2. **Required Cytoscape Apps**:
Within Cytoscape, install the **StringApp** and **clusterMaker2** apps. To do this:
- Open Cytoscape
- Navigate to `Apps` \> `App Store` \> `Show App Store`
- Search for and install "StringApp" (for retrieving STRING protein interactions) and "clusterMaker2"" (for clustering network data).
*You can also view more about these apps on the [Cytoscape App Store](https://apps.cytoscape.org/).*
## Usage
To run the Cluefish workflow, you can use the `make.R` script, which serves as the 'master' script for the entire process. We recommend using this script as a template to ensure smooth and sequential execution of the workflow steps.
### Required R packages
A key feature of Cluefish is the integration of `renv` to create reproducible environments. This allows you to install the required R packages in two ways:
- Run `renv::install()` to install the most recent version of the packages listed in the `renv.lock` file.
- For full reproducibility, run `renv::restore()` to install the exact package versions specified in the `renv.lock` file. Note that this process may take longer.
### Required inputs
Cluefish requires two key inputs:
1. **A background transcript list**: Typically, this includes the identifiers for all detected transcripts in the experiment.
2. **A deregulated transcript list**: A subset of the background list, containing the identifiers of significantly deregulated transcripts. This list can be derived using any selection method.

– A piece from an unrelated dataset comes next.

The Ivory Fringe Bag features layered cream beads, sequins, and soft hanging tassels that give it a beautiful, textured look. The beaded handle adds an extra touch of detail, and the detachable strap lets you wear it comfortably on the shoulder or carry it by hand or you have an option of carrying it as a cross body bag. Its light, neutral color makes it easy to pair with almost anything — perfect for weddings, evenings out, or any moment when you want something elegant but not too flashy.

### Recommended Selection Method
While the inputs can be derived from any selection method, Cluefish was optimised to work seamlessly with the results from `DRomics`, a tool tailored for dose-response modelling of omics data.
Although using `DRomics` is optional, Cluefish leverages some of its visualization functions and modelling metrics to provide deeper insights into the biological interpretation of the data.

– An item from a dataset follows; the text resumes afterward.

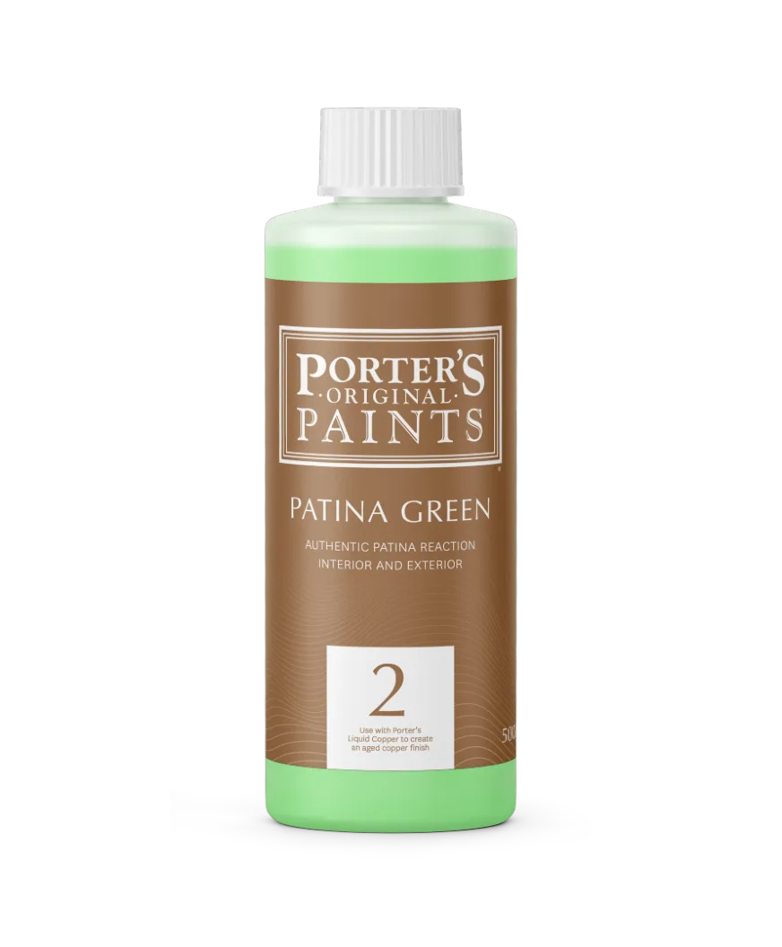 Porter’s Patina Green is a solution for use over Porter's Liquid Copper. A chemical reaction between the Liquid Copper coating and the Patina Green solutionoccurs to recreate copper with the green patination of age.

*For more information on DRomics, please refer to their [documentation](https://lbbe-software.github.io/DRomics/)*.
## Workflow
A schematic overview of the Cluefish workflow is shown below. For a full, step-by-step guide, refer to the vignette, [Introduction to Cluefish](https://ellfran-7.github.io/cluefish/articles/cluefish.html), which provides instructions using the *ZebrafishDBP* example dataset. The raw count data is publicly available on NCBI GEO and can be accessed with **GSE283957**.

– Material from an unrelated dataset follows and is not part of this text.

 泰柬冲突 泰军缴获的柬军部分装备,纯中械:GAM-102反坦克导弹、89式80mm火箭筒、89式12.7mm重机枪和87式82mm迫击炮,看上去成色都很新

Schematic of the Cluefish workflow.
## Citation
If you use Cluefish, please cite the associated paper as follows:
> Ellis Franklin, Elise Billoir, Philippe Veber, Jérémie Ohanessian, Marie Laure Delignette-Muller, Sophie Martine Prud’homme, Cluefish: mining the dark matter of transcriptional data series with over-representation analysis enhanced by aggregated biological prior knowledge, *NAR Genomics and Bioinformatics*, Volume 7, Issue 3, September 2025, lqaf103,
## Contributing
Contributions are what make the open source community such an amazing place to learn, inspire, and create. Any contributions you make are **greatly appreciated**.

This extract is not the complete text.